Include all files in a directory?

How c开发者_高级运维an one achieve what the following code is trying to do?

#include "dir/*"

In Bash:

HEADER=all_headers.h
echo "#ifndef __ALL_HEADERS__" > $HEADER
echo "#define __ALL_HEADERS__" >> $HEADER
for file in dir/*.h
do
    echo "#include <$file>" >> $HEADER
done
echo "#endif" >> $HEADER

You can't, without running a script beforehand that generates all #include statements.

The preprocessor can only handle one file per #include statement, so it requires an actual #include for every single file you wish to be included in preprocessing.

One way to achieve that is to write a convenience header that includes all the headers you want.

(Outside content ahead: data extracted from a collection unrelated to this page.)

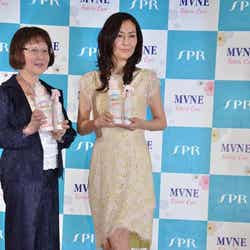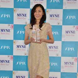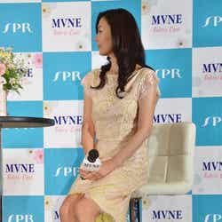 24日、都内で行われた自然派ブランド「MVNE」のCM発表会見に登壇した中山は、ベージュの総レースドレスに同系色のパンプスでスラリと伸びる美脚を披露した。
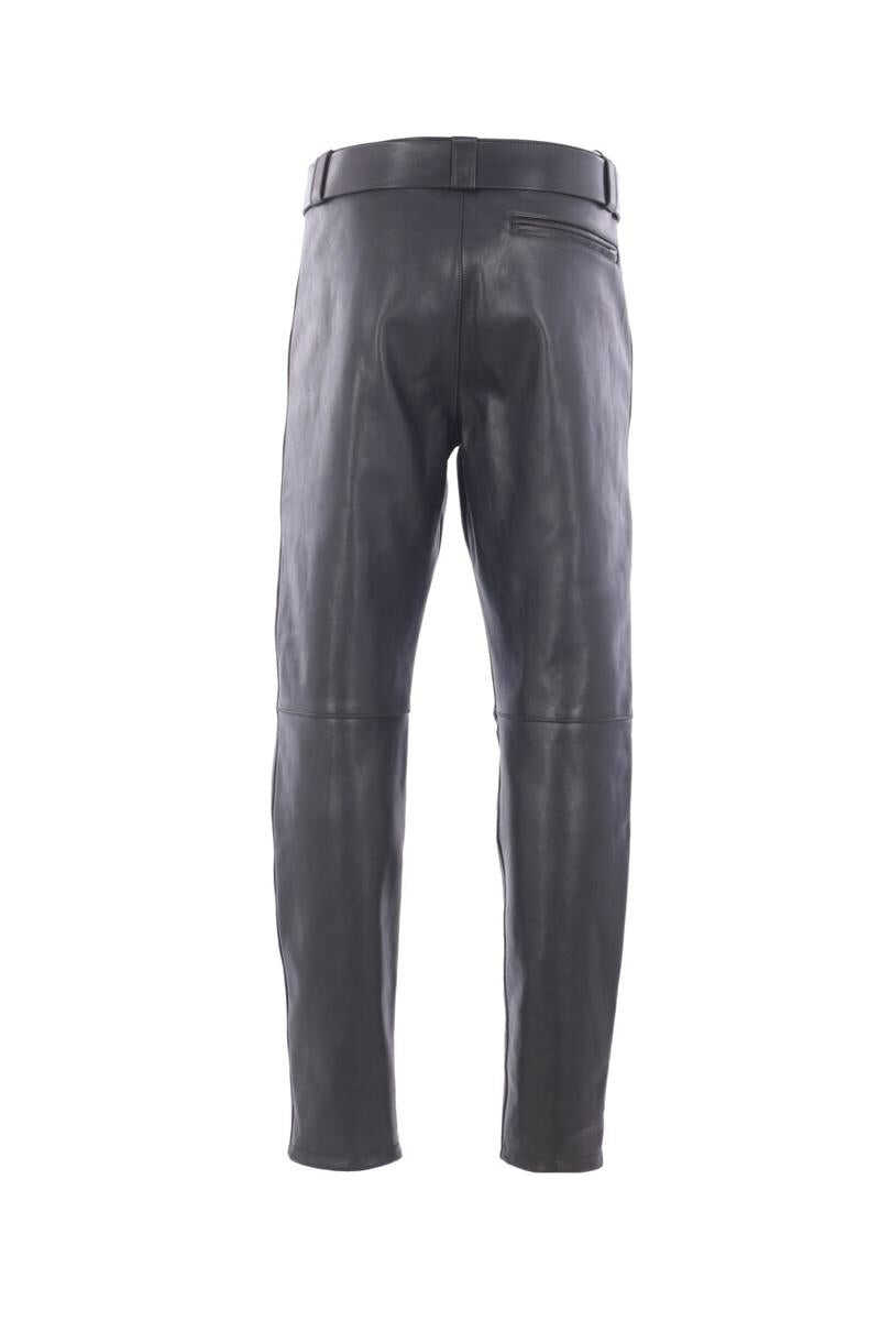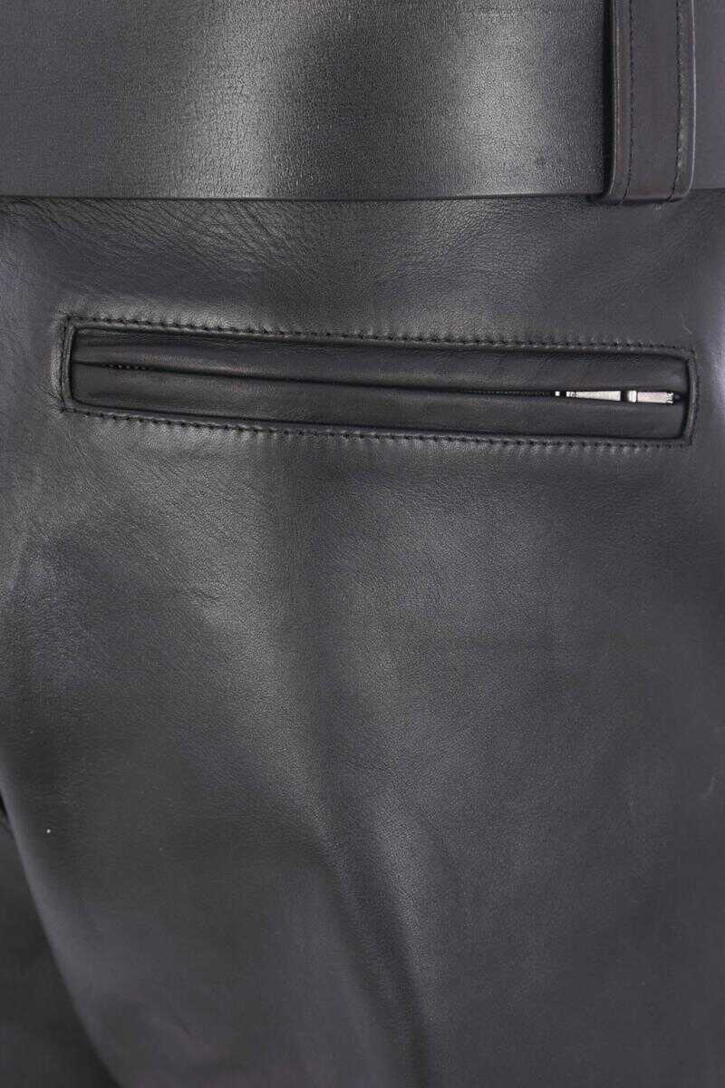 Saint Laurent trousers crafted from black leather with a matching belt. Featuring snap-button and zip closure, belt loops, zip pockets, and a fully lined interior.
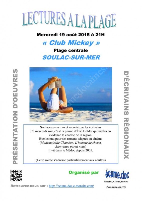 Ce mercredi 19/08, c'est la plume de Eric Holder, médocain d'adoption depuis 2005, qui mettra en évidence le charme de la région. Des textes d'autres auteurs seront aussi présentés. Vous pouvez, vous aussi, apporter des textes que vous souhaiteriez partager
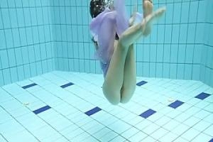 Анета позирует обнаженной в бассейне и получаю более взволнован, чем она ожидала
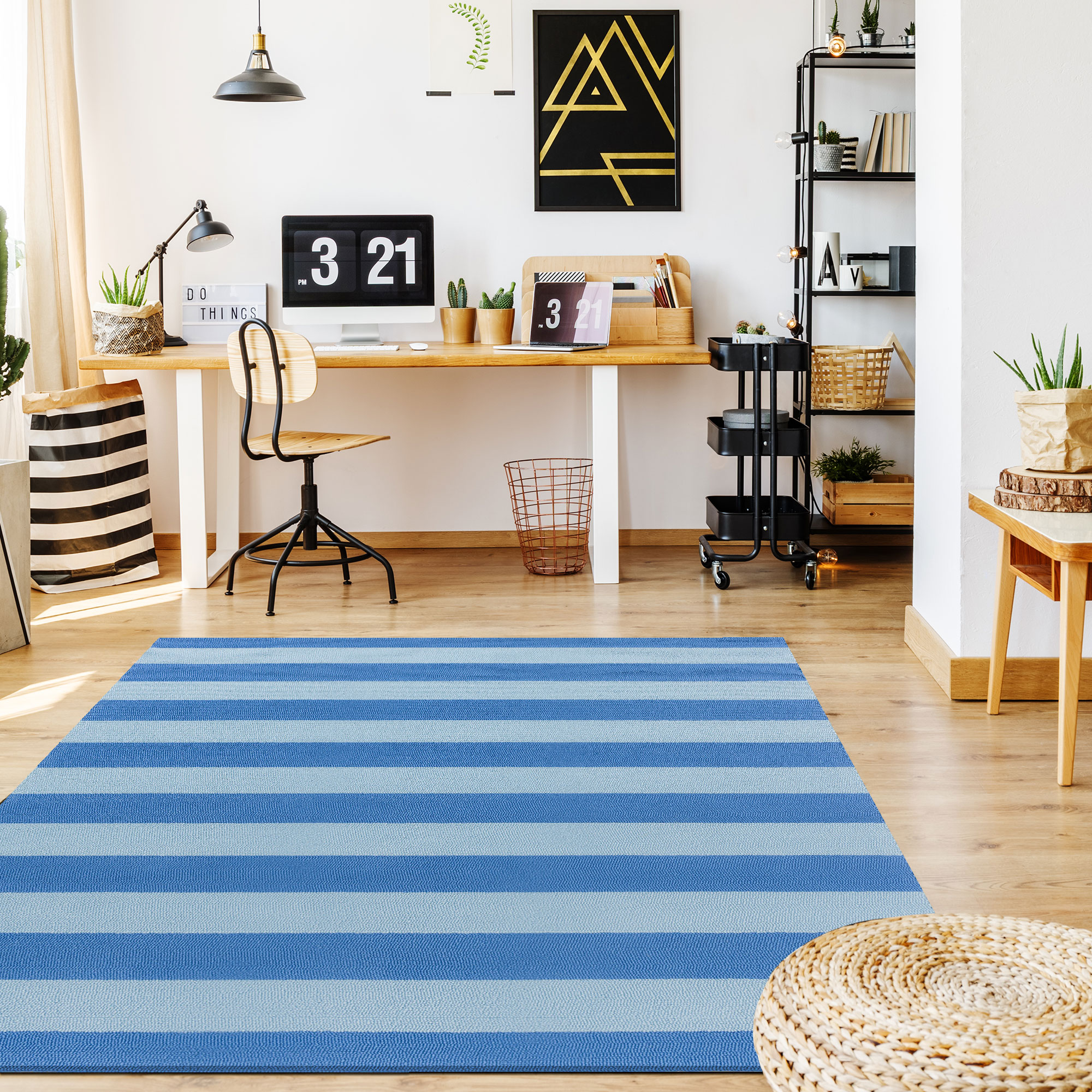 Le tapis LILLE est un motif à larges rayures dans deux couleurs tonales pour créer une sensation chic et classique.

Keep in mind that including headers you will not use may unnecessarily increase compilation time.

Look at how Boost does this for, say, utility.hpp.

$ cat /usr/include/boost/utility.hpp
//  Boost utility.hpp header file  -------------------------------------------//
<snip>
#ifndef BOOST_UTILITY_HPP
#define BOOST_UTILITY_HPP

#include <boost/utility/addressof.hpp>
#include <boost/utility/base_from_member.hpp>
#include <boost/utility/enable_if.hpp>
#include <boost/checked_delete.hpp>
#include <boost/next_prior.hpp>
#include <boost/noncopyable.hpp>

#endif  // BOOST_UTILITY_HPP

Now you can just use #include <boost/utility.hpp>.